In January I was privileged to attend the reception into full communion with the Catholic Church of the priests and people of Mount Calvary Church in Baltimore. An Anglo Catholic church with a venerable history within the Episcopal Church, Mount Calvary was, from the very beginning, a congregation fostered and formed in the Oxford Movement. Indeed, the church’s first pastor was received into the Catholic Church by Cardinal Newman himself, and went on to become a Catholic bishop.
For a long time Anglicans have promoted the idea that their church was a via media–a middle way–between Protestantism and Catholicism. They taught that their church was the ancient Catholic Church of the British Isles–but reformed properly by Protestant doctrine and customs of worship. However, in practice, as John Henry Newman himself pointed out, the via media was never more than a beautiful idea. This is because Anglicans inevitably fell into one camp or the other. If they were inclined to Protestantism they joined the Evangelicals. If Catholicism, they joined the Anglo Catholics, if they preferred to adjust their Christian faith to the spirit of the age they joined the Liberal establishment.
The via media was impossible to maintain for there was no defining dogma or ways of worship. For those who wished to walk that middle way, it was more a via cafeteria than a via media. Any Anglican attempting the via media would have to pick and choose from among the different streams of Christian customs and beliefs to formulate his own personal medley of convictions. The via media was therefore not so much a middle road as a road to nowhere.
In saying that, the Anglican via media was a road to somewhere for many Anglicans: it was a road out of Anglicanism. Over the years the hemorrhage of members from the Anglican Church has been catastrophic. Realizing that their church stood for not much of anything, they have gone to the Catholic Church, formed little Anglican sects called “continuing Churches” or joined some other Protestant church.
However, with the establishment of the personal ordinariate for Anglicans, there may be a new understanding of the via media. The Anglican ‘middle way’ could become a highway for many Protestants to find their way into full communion with the Catholic Church.
For in many ways, the Anglican tradition is a middle way between Protestantism and Catholicism. In its truest form it has taken on the best insights of the Protestant reformers, while retaining much of the Catholic faith. Most of all, it provides a way of worship and governance in which many Protestants will feel at home.
The reason the via media never worked within Anglicanism is because it had no rock on which to build. It had no magisterium and no apostolic authority. The middle way had no one to define what it was, no one to say, “This is the way: walk in it.” This is precisely what the personal ordinariate provides. As the Anglicans come into full communion with the Catholic Church, they will be catechized in the fullness of the faith. Their liturgies will be purged of the anti Catholic elements. They will profess, like all converts do, to believe all that the Catholic Church teaches to be revealed by God.

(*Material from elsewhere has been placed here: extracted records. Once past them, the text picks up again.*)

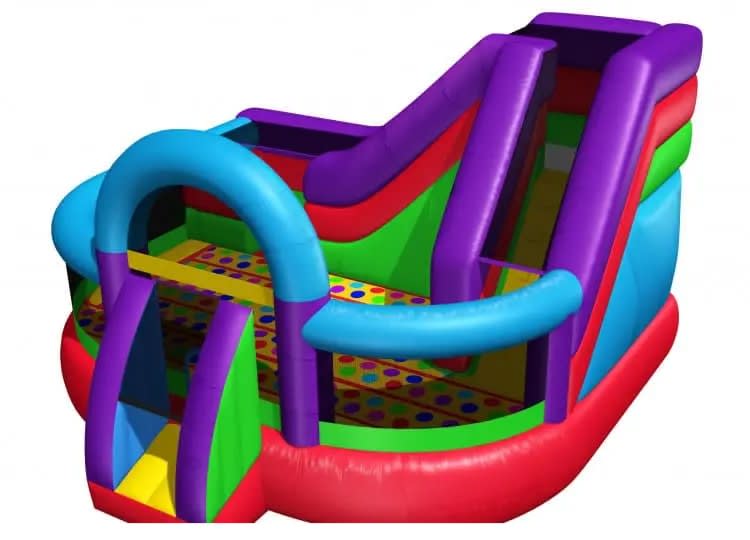 With its vibrant colors the Wet Twisting Combo stands out as a top choice for entertainment rental. It is perfect for backyard fun! Watch as the children play Twister, dunk a basketball (balls not included) slide down the water slide or bounce for hours.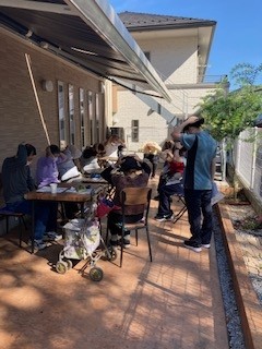 2023.10.13㈮13:00~14:00、パンとピザのお店HoHoEMiのテラスでスマイルカフェを開催しました。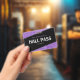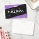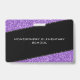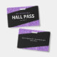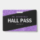 Passe de sala de professores elegantes, negros e roxos. Layout horizontal. Personalize-o adicionando seu nome, número da sala de aula e nome da escola. Muito feminina, menina, design de vidro. Excelente para mulheres instrutoras do ensino fundamental ou médio.

With such a foundation it is possible for the personal ordinariates now established in England and the United States to become a truly exciting step toward church unity, and here’s how: There are many thinking Evangelical Christians who are conservative and orthodox in their faith. They have little patience with the razzmatazz of the mega churches and the post modern, self help versions of contemporary Protestant Christianity. They have come to appreciate the historic church. They are longing for liturgy, solid doctrine, strong moral teaching and unity with the apostolic church.
However, if they are drawn to the Episcopal or Lutheran churches they are repulsed by the radical political and sexual agendas, the dumbed down liturgy and ‘up to date’ approach. They wanted tradition, prayer and reverence and they find trendiness, politics and relevance. Sadly, if they visit their local Catholic church it may very well be indistinguishable from what the Episcopalians and Lutherans have on offer. Should they find a more traditional Catholic church they may find the cultural aspects too daunting. They’d spot the Infant of Prague or Our Lady of Fatima and hear rosaries being muttered and their old anti Catholic bias will rear its head and they’ll stay away.

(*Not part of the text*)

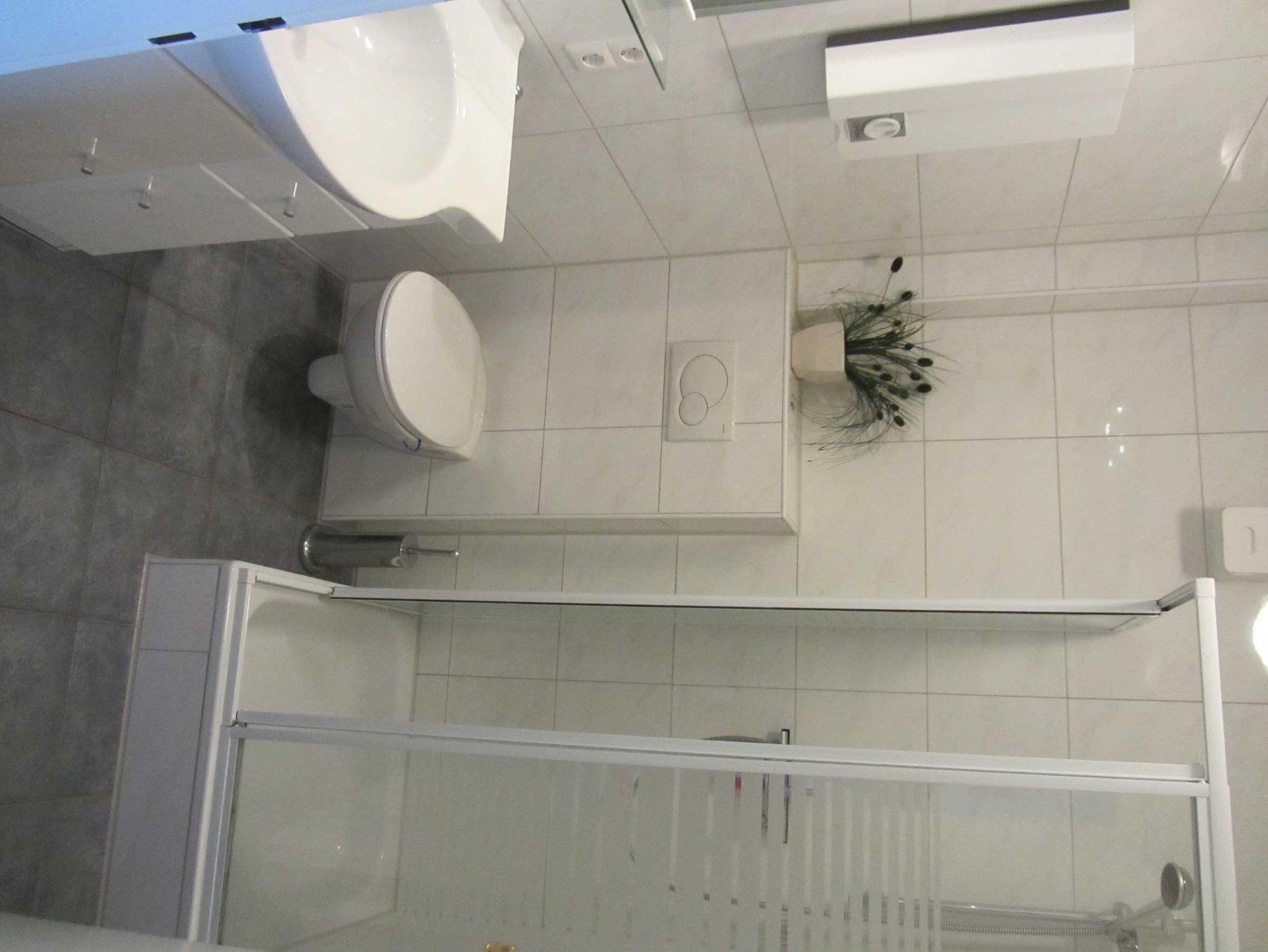 Ein Badezimmer mit Dusche und WC; ein Badezimmer mit Badewanne und WC.

Should they venture into a traditional Anglican church, however, they would find much to their liking. An Anglican church united, not absorbed by the Catholic Church, would provide the via media that would enable them not only to feel at home, but to come home to Rome.
For this to happen, the members of the Ordinariate will have to resist the easy temptation to become an Anglo Catholic sect within Catholicism. They have been used to being a church within a church in Anglicanism and it will be easy for them to become the same within the Catholic Church. If they are to be a true via media they must envision a new mission that goes with their new identity. If they adopt a missionary spirit, their new role could be a vital part of the new evangelization.
They could pioneer a new understanding of the via media and become not a road to nowhere, but a path that leads to full communion with the Catholic Church. To do that, they will need to be a broad church–one that not only preserves the glories of Anglo-Catholic worship, but also is not ashamed to embrace the strengths of the Evangelical aspect of Anglicanism: a zeal for the gospel, an ability to communicate the faith clearly, in a way that other Protestants find acceptable and so open the doors to many who would otherwise never find their way home to Rome.